Input data:

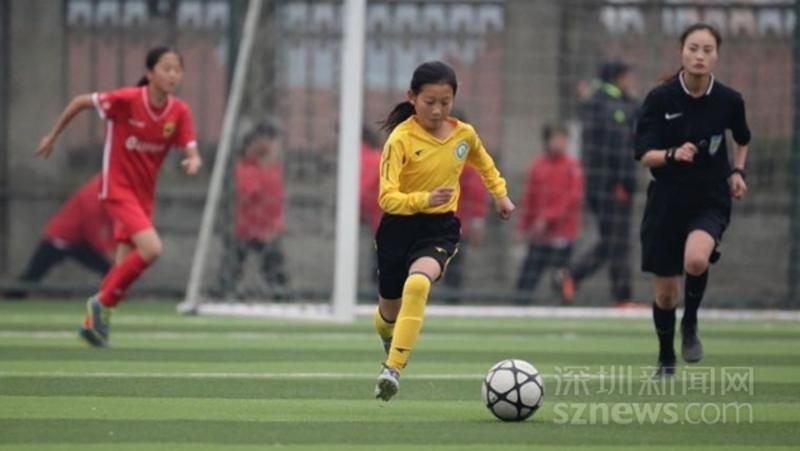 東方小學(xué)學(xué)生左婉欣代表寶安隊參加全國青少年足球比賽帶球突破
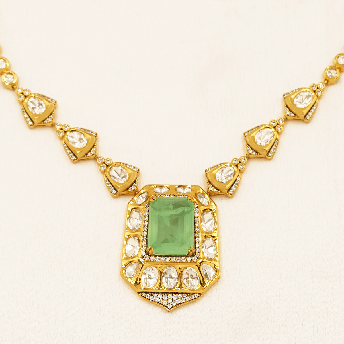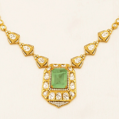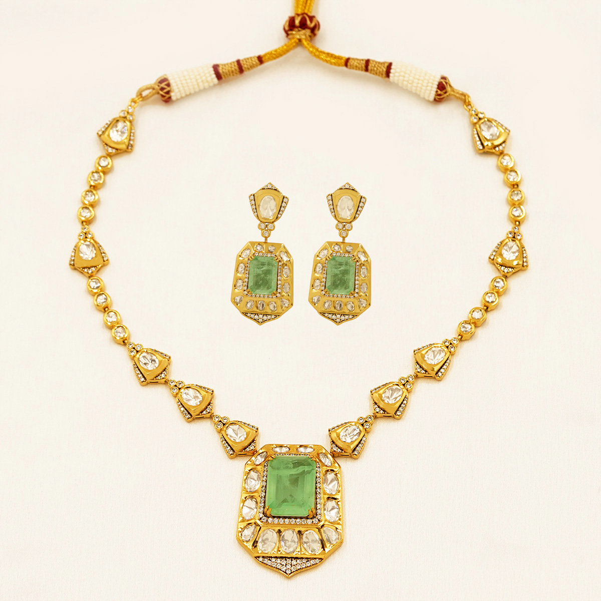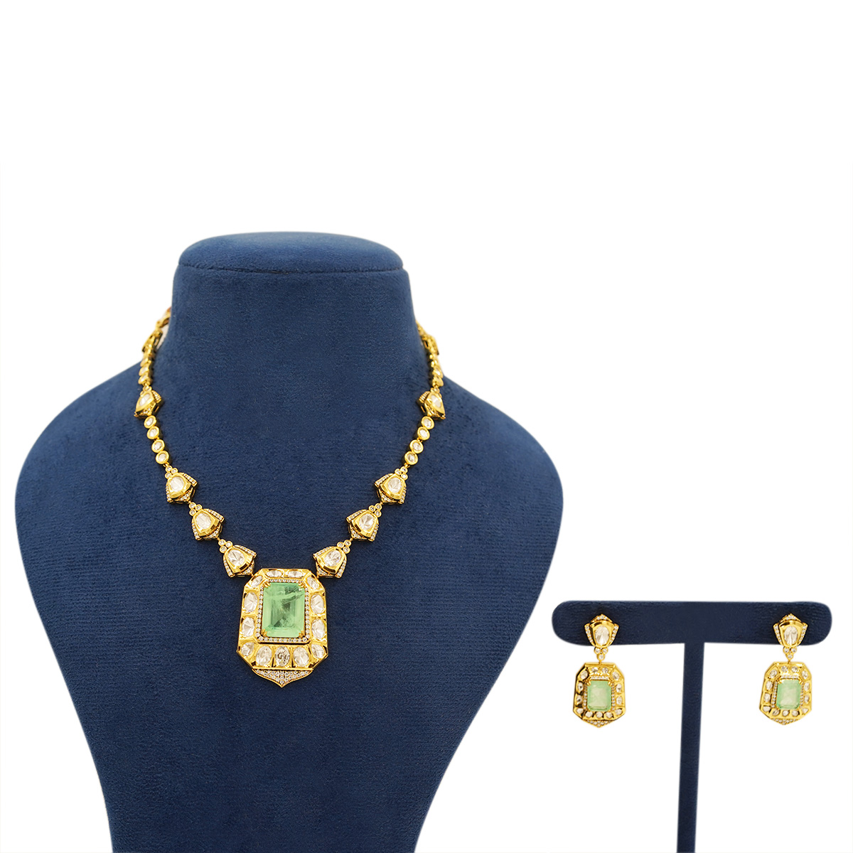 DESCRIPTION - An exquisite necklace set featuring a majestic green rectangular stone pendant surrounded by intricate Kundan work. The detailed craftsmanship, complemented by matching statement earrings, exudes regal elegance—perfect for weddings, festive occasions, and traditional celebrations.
==
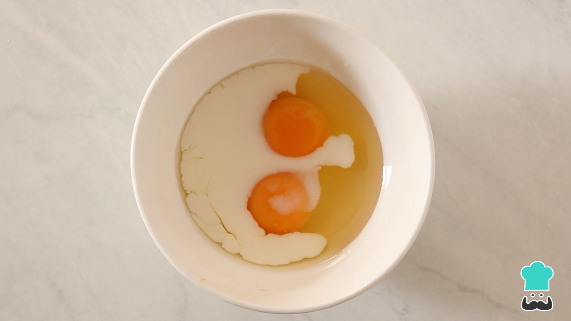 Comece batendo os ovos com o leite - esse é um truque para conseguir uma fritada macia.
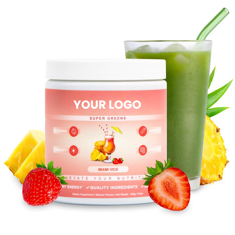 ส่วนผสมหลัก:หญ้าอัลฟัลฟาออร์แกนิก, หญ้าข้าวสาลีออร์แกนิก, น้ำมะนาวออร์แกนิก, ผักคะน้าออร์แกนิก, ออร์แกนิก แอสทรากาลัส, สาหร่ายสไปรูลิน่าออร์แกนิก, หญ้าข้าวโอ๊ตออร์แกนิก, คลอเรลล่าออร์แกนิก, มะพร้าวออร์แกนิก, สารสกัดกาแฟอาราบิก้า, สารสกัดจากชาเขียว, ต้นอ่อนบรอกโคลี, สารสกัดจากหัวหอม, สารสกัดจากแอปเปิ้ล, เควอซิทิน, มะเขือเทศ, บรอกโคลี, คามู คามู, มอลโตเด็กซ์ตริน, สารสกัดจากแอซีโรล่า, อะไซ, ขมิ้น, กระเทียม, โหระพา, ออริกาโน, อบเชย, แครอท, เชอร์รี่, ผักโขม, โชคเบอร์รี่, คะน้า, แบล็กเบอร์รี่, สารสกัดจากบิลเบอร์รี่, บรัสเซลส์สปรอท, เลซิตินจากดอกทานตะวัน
--
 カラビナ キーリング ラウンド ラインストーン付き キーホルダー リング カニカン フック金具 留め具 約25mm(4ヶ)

Activity:
Output exactly, and only, the lines of the entries above from the one with "東方小學(xué)學(xué)生左婉欣代表寶安隊參加全國青少年足球比賽帶球突破" up to and including the one with "DESCRIPTION - An"; pictures are to be left out.

Answer space:
 東方小學(xué)學(xué)生左婉欣代表寶安隊參加全國青少年足球比賽帶球突破
 DESCRIPTION - An exquisite necklace set featuring a majestic green rectangular stone pendant surrounded by intricate Kundan work. The detailed craftsmanship, complemented by matching statement earrings, exudes regal elegance—perfect for weddings, festive occasions, and traditional celebrations.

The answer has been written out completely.